Each line of the data that mentions the string "Black" needs to be identified and copied.

Start of Block

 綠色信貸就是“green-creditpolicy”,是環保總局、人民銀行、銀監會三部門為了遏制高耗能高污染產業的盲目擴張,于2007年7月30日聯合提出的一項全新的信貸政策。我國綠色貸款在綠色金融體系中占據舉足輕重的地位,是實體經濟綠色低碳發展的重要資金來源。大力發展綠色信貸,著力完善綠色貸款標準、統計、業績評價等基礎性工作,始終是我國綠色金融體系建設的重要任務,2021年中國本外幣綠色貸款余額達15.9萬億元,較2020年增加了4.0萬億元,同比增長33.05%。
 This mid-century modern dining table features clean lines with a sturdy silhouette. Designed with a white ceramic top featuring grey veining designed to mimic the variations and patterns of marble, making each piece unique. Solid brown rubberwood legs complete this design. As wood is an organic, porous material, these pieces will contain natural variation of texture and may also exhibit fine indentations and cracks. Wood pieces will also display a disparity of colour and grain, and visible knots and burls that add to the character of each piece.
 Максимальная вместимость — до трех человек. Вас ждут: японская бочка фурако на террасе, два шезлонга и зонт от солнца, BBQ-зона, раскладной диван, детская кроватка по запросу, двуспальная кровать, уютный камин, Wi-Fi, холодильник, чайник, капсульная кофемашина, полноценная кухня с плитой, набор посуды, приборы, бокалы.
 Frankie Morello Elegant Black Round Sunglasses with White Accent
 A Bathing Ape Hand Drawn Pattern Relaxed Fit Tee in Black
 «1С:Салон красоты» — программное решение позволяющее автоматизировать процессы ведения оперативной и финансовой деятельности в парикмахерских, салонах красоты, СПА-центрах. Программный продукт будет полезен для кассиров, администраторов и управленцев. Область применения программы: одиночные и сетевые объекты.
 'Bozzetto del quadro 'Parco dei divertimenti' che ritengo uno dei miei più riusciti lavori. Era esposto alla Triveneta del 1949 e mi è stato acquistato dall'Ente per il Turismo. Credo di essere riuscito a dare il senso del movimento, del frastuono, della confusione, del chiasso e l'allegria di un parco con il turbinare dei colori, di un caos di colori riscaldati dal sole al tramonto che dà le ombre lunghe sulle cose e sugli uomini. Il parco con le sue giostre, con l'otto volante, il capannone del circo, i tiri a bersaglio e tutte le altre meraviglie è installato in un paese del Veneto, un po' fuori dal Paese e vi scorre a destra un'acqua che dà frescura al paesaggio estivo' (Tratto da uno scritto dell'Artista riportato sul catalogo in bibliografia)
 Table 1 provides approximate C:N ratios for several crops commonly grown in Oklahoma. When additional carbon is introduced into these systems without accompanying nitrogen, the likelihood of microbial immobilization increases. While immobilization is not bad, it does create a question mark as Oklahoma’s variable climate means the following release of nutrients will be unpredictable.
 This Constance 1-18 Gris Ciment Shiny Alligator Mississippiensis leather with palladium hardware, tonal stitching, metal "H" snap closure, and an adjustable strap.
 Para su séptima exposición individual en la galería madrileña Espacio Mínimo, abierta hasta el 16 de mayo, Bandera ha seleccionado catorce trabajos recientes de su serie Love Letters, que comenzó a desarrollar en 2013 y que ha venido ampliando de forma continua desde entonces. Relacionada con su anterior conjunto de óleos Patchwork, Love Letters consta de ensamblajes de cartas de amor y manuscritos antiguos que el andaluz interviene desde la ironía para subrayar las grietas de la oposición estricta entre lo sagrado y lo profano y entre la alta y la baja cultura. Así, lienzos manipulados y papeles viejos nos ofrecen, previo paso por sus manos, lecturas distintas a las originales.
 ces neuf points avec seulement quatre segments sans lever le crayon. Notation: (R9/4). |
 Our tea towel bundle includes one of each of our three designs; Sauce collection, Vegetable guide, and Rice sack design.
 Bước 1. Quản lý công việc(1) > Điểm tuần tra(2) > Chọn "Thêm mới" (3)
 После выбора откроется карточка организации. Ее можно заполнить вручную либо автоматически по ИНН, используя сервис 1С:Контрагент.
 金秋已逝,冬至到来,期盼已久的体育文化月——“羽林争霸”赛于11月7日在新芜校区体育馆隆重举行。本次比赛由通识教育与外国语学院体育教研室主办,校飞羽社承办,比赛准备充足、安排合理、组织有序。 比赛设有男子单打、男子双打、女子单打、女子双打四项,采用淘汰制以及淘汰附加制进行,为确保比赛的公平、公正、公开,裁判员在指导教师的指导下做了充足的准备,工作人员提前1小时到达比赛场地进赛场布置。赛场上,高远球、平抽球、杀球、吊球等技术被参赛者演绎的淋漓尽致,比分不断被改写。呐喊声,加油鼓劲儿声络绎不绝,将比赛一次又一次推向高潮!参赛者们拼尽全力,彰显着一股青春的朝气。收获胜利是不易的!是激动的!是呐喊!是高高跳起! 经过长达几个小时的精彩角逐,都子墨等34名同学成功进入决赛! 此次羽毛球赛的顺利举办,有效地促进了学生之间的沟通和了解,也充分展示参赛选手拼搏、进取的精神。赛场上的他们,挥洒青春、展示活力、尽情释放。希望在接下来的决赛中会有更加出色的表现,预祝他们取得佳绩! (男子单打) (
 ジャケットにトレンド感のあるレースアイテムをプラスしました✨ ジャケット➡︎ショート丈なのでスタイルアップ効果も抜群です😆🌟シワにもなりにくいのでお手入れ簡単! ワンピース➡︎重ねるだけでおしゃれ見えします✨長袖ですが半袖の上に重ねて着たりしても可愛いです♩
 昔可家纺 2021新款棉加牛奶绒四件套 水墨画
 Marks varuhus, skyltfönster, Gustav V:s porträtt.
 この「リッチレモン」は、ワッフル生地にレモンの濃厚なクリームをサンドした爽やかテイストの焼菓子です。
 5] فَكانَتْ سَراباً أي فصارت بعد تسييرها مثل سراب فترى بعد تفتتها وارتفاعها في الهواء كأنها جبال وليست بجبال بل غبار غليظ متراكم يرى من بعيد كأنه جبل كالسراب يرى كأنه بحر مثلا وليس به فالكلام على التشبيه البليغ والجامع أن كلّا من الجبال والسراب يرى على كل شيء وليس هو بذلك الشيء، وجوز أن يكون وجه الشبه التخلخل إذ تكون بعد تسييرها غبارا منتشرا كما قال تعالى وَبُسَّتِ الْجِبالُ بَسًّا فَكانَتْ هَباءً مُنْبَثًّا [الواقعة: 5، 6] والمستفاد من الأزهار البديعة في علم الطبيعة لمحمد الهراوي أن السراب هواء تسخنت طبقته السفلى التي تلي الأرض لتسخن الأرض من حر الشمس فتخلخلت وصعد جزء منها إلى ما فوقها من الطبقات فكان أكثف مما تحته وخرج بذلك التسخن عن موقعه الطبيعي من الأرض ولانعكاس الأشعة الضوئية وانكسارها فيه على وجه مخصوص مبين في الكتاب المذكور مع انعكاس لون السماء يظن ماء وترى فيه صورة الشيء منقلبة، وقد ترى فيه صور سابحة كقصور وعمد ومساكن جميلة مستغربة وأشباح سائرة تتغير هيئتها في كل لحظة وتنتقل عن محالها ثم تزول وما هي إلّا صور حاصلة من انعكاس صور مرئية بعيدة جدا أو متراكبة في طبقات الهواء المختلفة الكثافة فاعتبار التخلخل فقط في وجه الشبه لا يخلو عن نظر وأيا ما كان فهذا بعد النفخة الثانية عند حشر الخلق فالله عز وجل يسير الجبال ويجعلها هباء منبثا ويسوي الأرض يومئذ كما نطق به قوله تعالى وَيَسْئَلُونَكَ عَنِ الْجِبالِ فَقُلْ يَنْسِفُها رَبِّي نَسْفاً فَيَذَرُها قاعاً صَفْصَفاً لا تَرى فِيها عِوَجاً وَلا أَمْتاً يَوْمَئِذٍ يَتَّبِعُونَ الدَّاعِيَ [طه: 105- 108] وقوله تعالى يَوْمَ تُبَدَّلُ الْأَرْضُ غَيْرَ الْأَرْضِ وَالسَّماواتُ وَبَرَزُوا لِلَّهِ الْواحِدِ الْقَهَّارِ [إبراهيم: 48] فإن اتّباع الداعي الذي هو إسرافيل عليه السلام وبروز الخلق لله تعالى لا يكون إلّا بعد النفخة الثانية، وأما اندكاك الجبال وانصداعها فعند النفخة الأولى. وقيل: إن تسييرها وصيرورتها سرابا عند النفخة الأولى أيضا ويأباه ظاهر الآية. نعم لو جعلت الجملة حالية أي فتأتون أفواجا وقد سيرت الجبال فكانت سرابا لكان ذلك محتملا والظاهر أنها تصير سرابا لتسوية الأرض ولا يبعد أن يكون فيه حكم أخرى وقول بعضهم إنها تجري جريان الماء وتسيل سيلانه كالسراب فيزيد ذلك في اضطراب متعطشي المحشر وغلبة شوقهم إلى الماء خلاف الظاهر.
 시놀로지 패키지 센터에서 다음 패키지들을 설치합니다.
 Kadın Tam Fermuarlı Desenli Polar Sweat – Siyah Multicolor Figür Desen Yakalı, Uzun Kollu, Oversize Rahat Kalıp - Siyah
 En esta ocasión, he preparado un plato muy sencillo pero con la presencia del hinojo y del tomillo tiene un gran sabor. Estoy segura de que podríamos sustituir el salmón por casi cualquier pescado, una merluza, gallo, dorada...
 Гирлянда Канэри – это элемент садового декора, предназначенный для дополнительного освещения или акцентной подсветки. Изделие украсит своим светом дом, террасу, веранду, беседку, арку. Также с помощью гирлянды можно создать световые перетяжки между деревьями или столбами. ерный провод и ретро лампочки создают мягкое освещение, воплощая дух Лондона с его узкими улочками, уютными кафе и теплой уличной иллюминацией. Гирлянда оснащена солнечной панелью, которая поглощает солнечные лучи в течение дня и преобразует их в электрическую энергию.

End of Block

- EXERCISE SOLUTION -
 Frankie Morello Elegant Black Round Sunglasses with White Accent
 A Bathing Ape Hand Drawn Pattern Relaxed Fit Tee in Black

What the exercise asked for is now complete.